Why the backyard direction changes everything

Almost everyone wants their main living areas to open onto the backyard, so they can see the kids and the outdoor space while they cook and relax. That single wish drives the whole floor plan, and it is why the direction your backyard faces matters so much.

A north facing backyard is the easiest block of all to build on, because the living areas face the yard and the north at the same time. They get the sun and the view together, with nothing to trade off. An east or west facing backyard is nearly as good, since the living areas still open to the yard and pick up plenty of light.

A south facing backyard is the hard one. On that block the north side is the front, where the driveway and garage sit, so the sunny north is taken up by car parking. Putting the living areas on the north then means turning them away from the backyard, which is the opposite of what most families want. Getting both north facing living and living that opens to the yard on a south facing block takes a plan drawn specifically for it.

That is exactly what Dudils sorts for. Tell us which way your block faces and we show the plans that make it work, with the better oriented ones ranked first, so the tricky south facing blocks are not a dead end.

Common questions

Is a north facing backyard always best?

It is the easiest to work with, because the living areas can face the backyard and the north at the same time, with no compromise. East and west facing backyards are close behind. A south facing backyard is the tricky one, because the north side is taken up by the driveway and garage, so you need a plan drawn to put the living areas on the north without losing the connection to the yard.

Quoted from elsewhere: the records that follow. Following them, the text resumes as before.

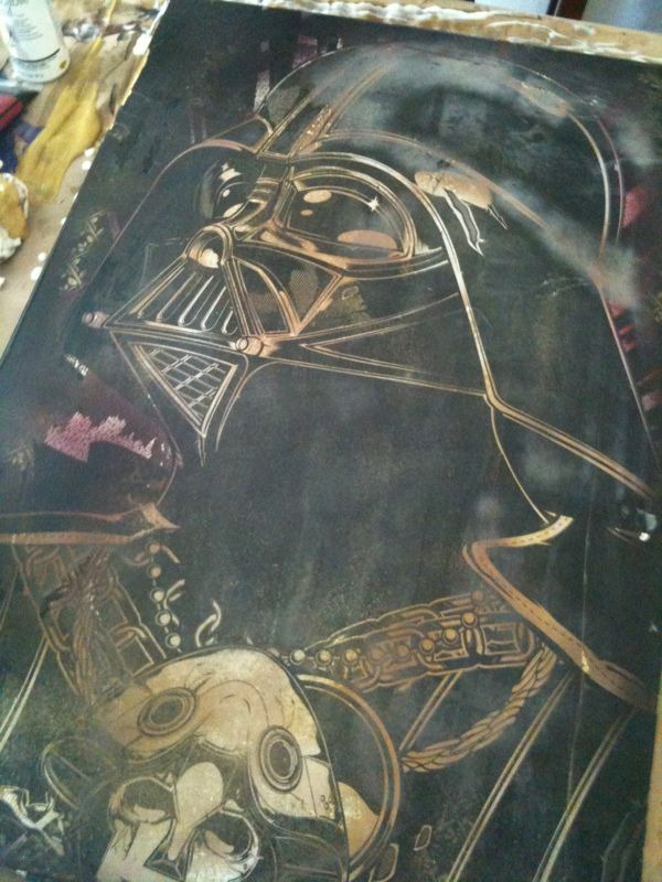 Joshua Smith never fails to amaze with his work. This 2ft x 3ft wheatpaste print of Vader is for his up coming show at Neon Forest.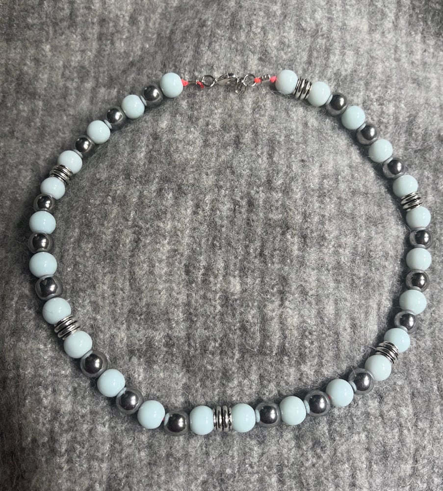 Collier perles bleu glacier et argentées . 40 cm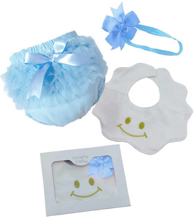 Millefa Baby ギフトBOX付き!ベビー 女の子 ギフト3点セット(フリルブルマ・スタイ・ヘアバンド)【ブルー】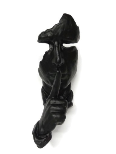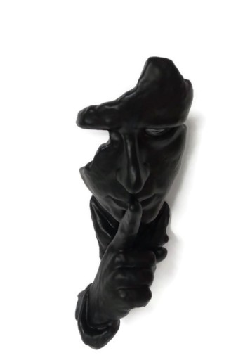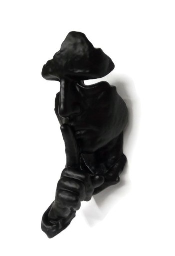 Rzeźba Cisza.Wysokość 31cm.Szerokość 11cm.Materiał:konglomerat kamienno-cementowy.Do zawieszenia .Kolor czarny.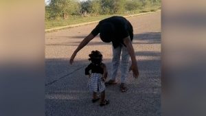 WATCH: 2-year-old gives her dad a dancing lesson Mom and dad were both surprised at how much of a natural she is.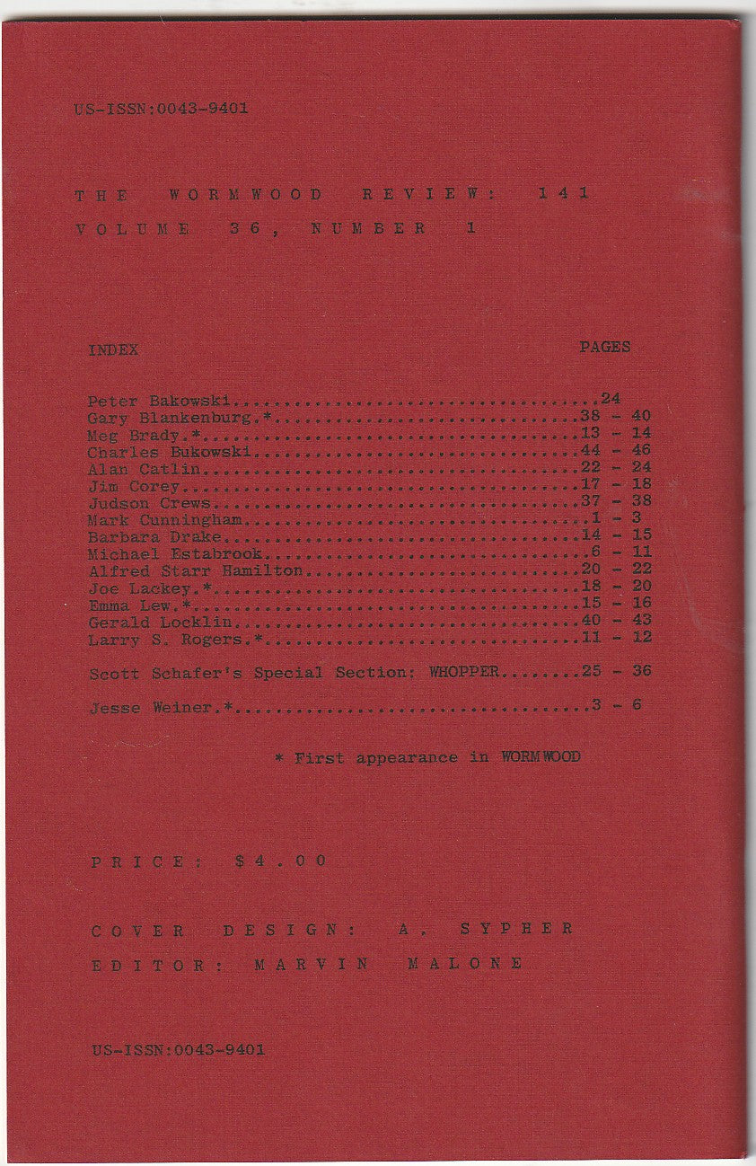 Charles Bukowski always felt Wormwood Review was the best small magazine out there and was grateful that they were one of the first to recognize his work. In return, Bukowski continued to contribute to the magazine right up until his death in 1994.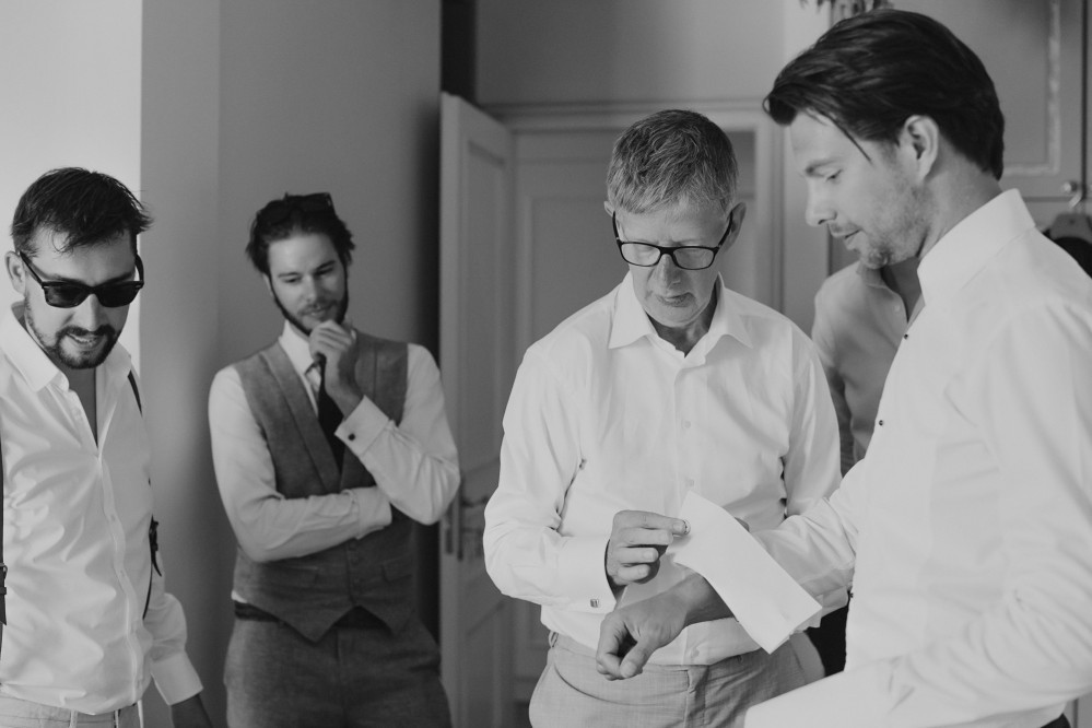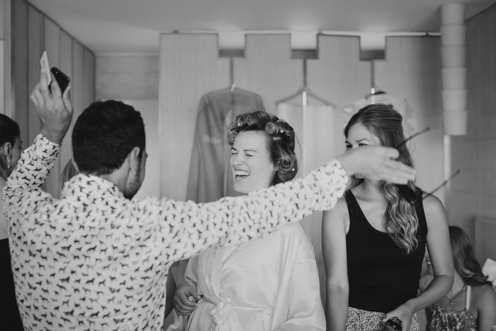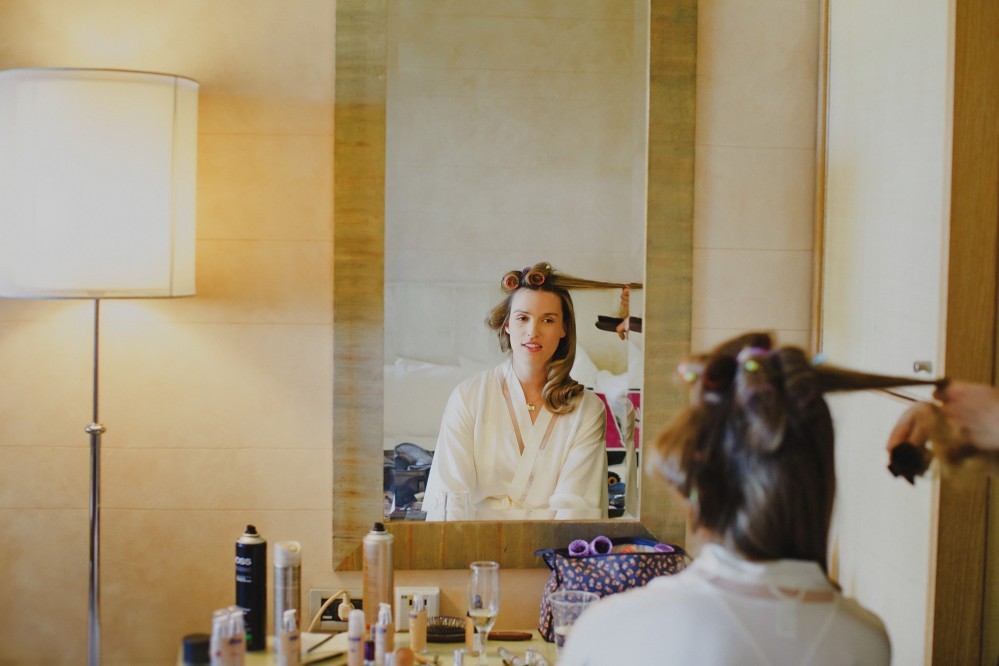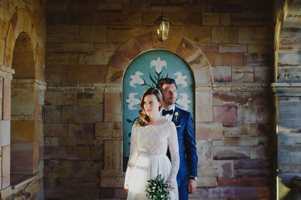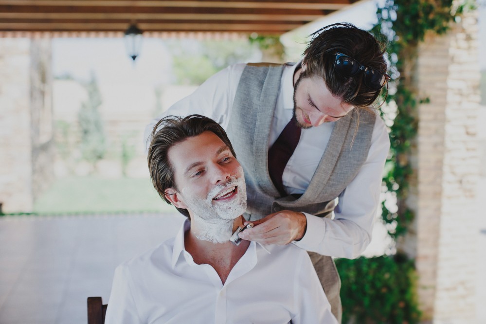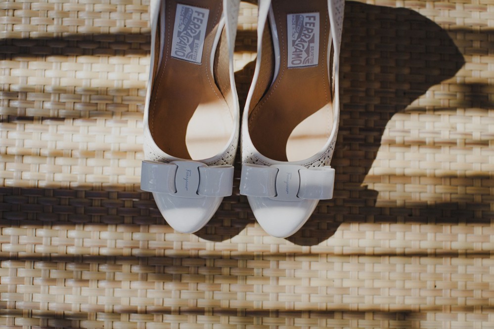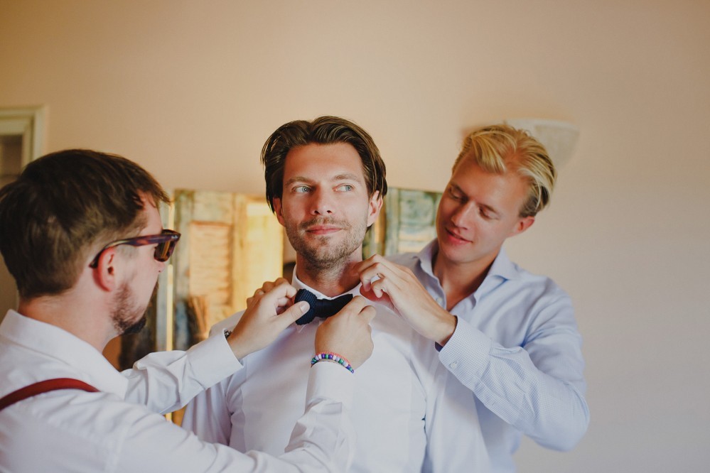 Mary chose a French style gown, designed by Rime Arodaky. The style of the dress masterfully combined the finesse of French lace with a rock-n-roll feel and suited her beautifully. Her bridal bouquet consisted of olive twigs and white mini roses. Jan Wicher in his blue linen suit couldn’t have been a better match- the two of them made a gorgeous couple. Our team used the terracotta and gold background to take pictures and portraits, oozing with elegance and Greek summer spirit.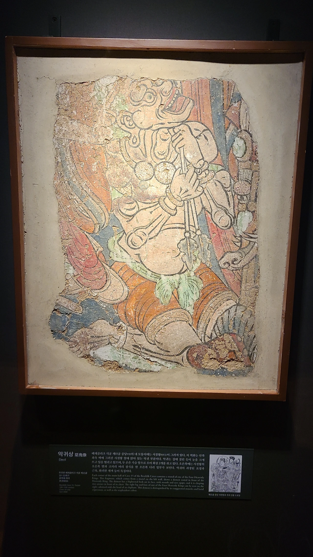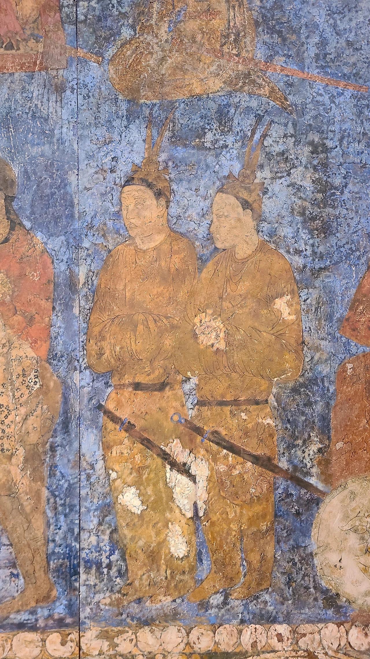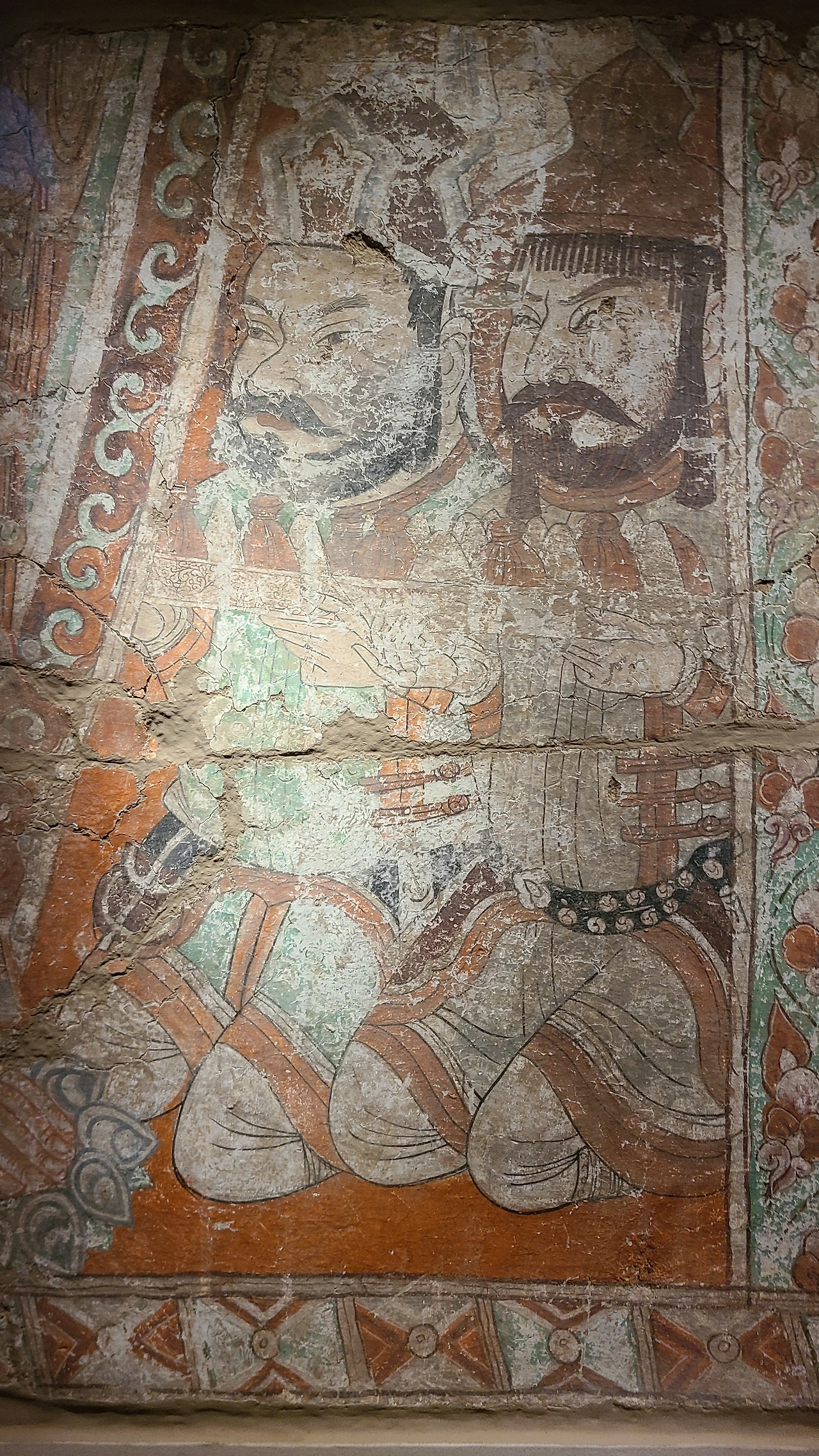 화려한 쟁반을 든 채 무릎을 꿇고 앉아 있는 두 사람의 개성 있는 얼굴과 복장에서 실크로드를 오가며 활약하던 상인의 모습이 연상됩니다.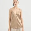 Le linee essenziali del top in raso di seta stretch si arricchiscono del pregio dei materiali Brunello Cucinelli. La texture fluida e lucente del tessuto asseconda l’eleganza femminile del capo, definito da una silhouette morbida e confortevole. Il top è completato da sottili spalline e scollo a V.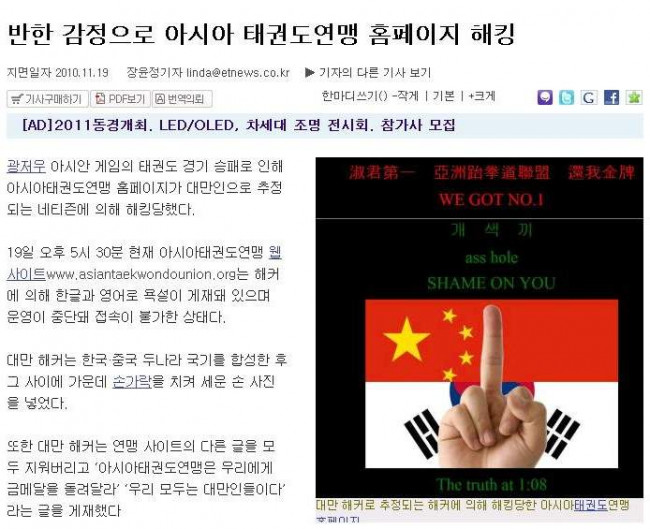대만 반한감정으로인해 아시아태권도연맹 홈페이지 해킹 정보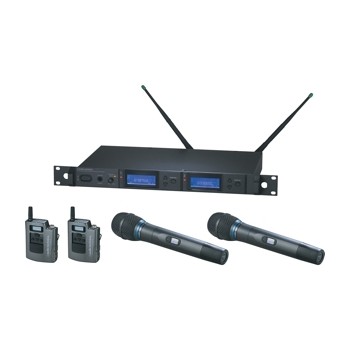 AEW-R5200C雙接收器,雙AEW-T1000aC UniPak發射器和兩個AEW-T5400aC心形電容話筒/發射器。選擇一個無線麥克風要點或電纜來完成系統。
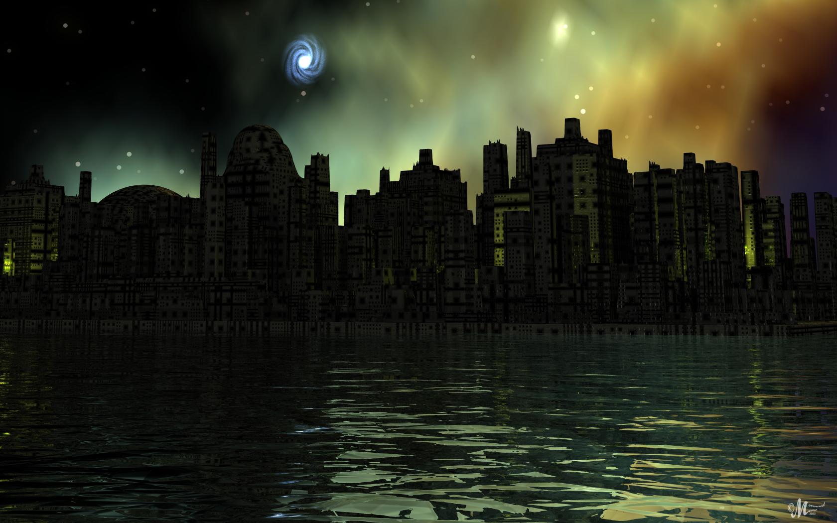 City at Twilight is a model from Sharecg by Steve, lighting from the Deep Space 2 and a galaxy from Space construction Kit
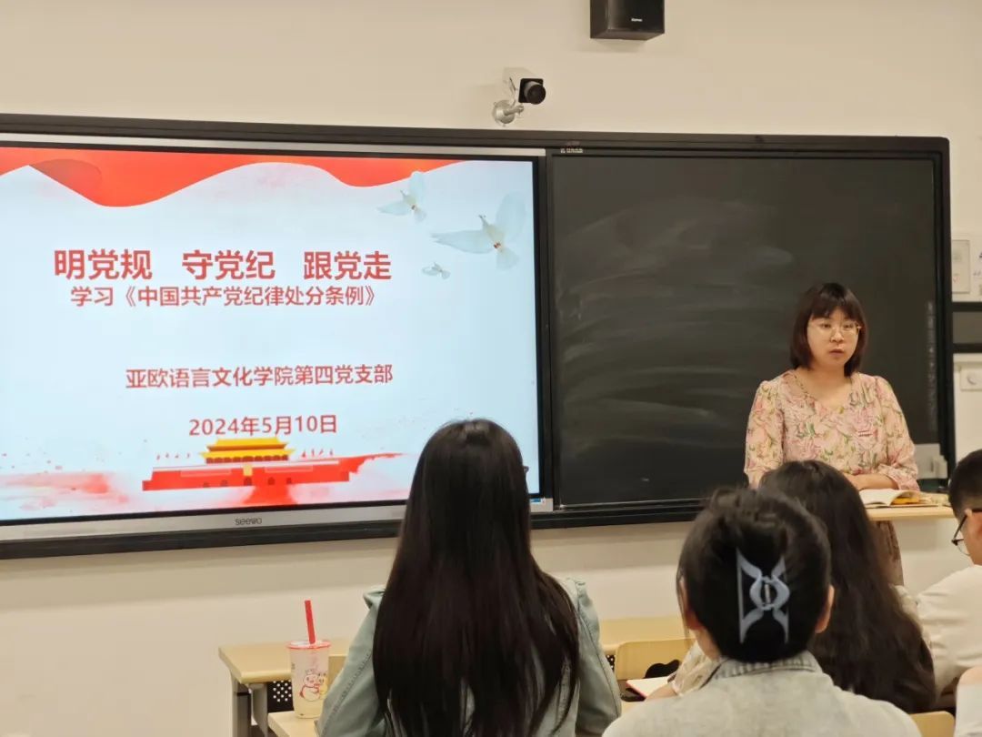 为牢固树立全体党员党章党规党纪意识,自觉做到守纪律、讲规矩、知敬畏、存戒惧,发挥党员先锋模范作用,5月10日,亚欧语言文化学院第四党支部召开“明党规、守党纪、跟党走”——《中国共产党纪律处分条例》专题学习会议,全体党员参会。

Does north facing cost more to build?

No. Orientation is a design decision, not an upgrade. Choosing a plan whose living areas already face north costs nothing extra, and it is the cheapest path to meeting BASIX and the 7 star NatHERS energy standard, because you rely on the sun instead of paying for extra insulation and glazing upgrades.

Can I just flip a plan to make it north facing?

Often yes, and it is one of the most useful moves. If mirroring a plan moves the living areas to the north or north east and pushes the garage to the south west, that is exactly what you should do. Dudils shows when a plan works mirrored. Mirroring changes the driveway and entry side, so confirm the mirrored version with your builder, but do not dismiss it. On the right block it is the difference between a north facing home and a dark one.